Parmi les nombreuses sœurs de charité qu’il m’a été donné de rencontrer, il en est une qui m’a toujours particulièrement édifié. Quand je l’aperçois traversant les laids quartiers de Paris, avec sa grande cornette, sa guimpe, sa robe de drap gris, son large tablier, je ne puis m’empêcher de me la représenter telle que je l’ai vue à dix-huit ans au bal, portant sur un front superbe un diadème fait de bluets et d’épis d’argent, traînant avec une grâce inimitable la longue queue de sa robe légère, et traversant en reine deux haies d’admirateurs.

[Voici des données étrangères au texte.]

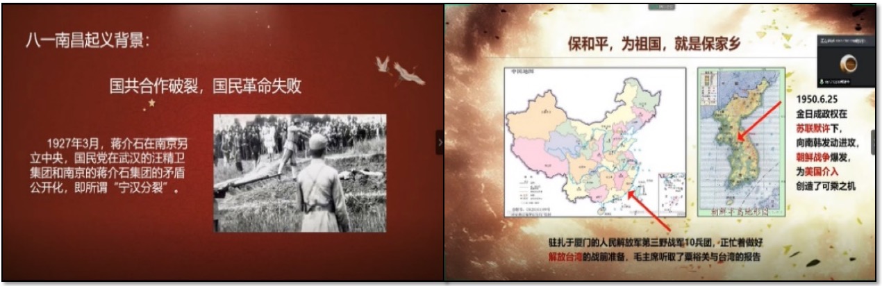 活动开始,小组代表廖紫璇和孙子涵带领大家回顾人民军队的创立、了解政治建军思想的形成。南昌起义“山河统一”的口号彰显着人民军队武装革命的决心,古田会议的决议确定了无产阶级的建军路线,朝鲜战场的胜利为年轻的中国共产主义政权撑直了腰杆。在创业的时间线上,人民军队冲破内在束缚,抗击外部入侵,用生命履行着政治建军的路线。

Sa beauté était si réelle, que ni la vie austère du noviciat, ni les fatigues de la fille de Saint-Vincent de Paul n’ont pu l’amoindrir. La reine vêtue de bure est toujours la reine, et ce n’est pas trop de l’ampleur de la cornette et de l’épais drap gris pour dissimuler une taille et un visage qui attireraient beaucoup trop l’attention. De cette attention, sœur Marguerite ne s’est guère jamais souciée ; mais je sais que l’ascendant du charme physique a servi son apostolat, et que de pauvres jeunes filles vaniteuses ont suivi volontiers ses conseils, uniquement parce qu’elles trouvaient admirable que cette femme si remarquablement douée eût dédaigné le monde pour se donner à Dieu. Or se donner à Jésus-Christ est plus grave qu’un monde léger ne le pense, car c’est appartenir à la plus triste, à la plus laide, à la plus exigeante partie de l’humanité. Aujourd’hui c’est encore comme autrefois : an banquet du Christ sont conviés les infirmes, les boiteux, les pécheurs, les lépreux, assemblée bénie où se glissent ses épouses et où elles vivent par un dévouement sans nom.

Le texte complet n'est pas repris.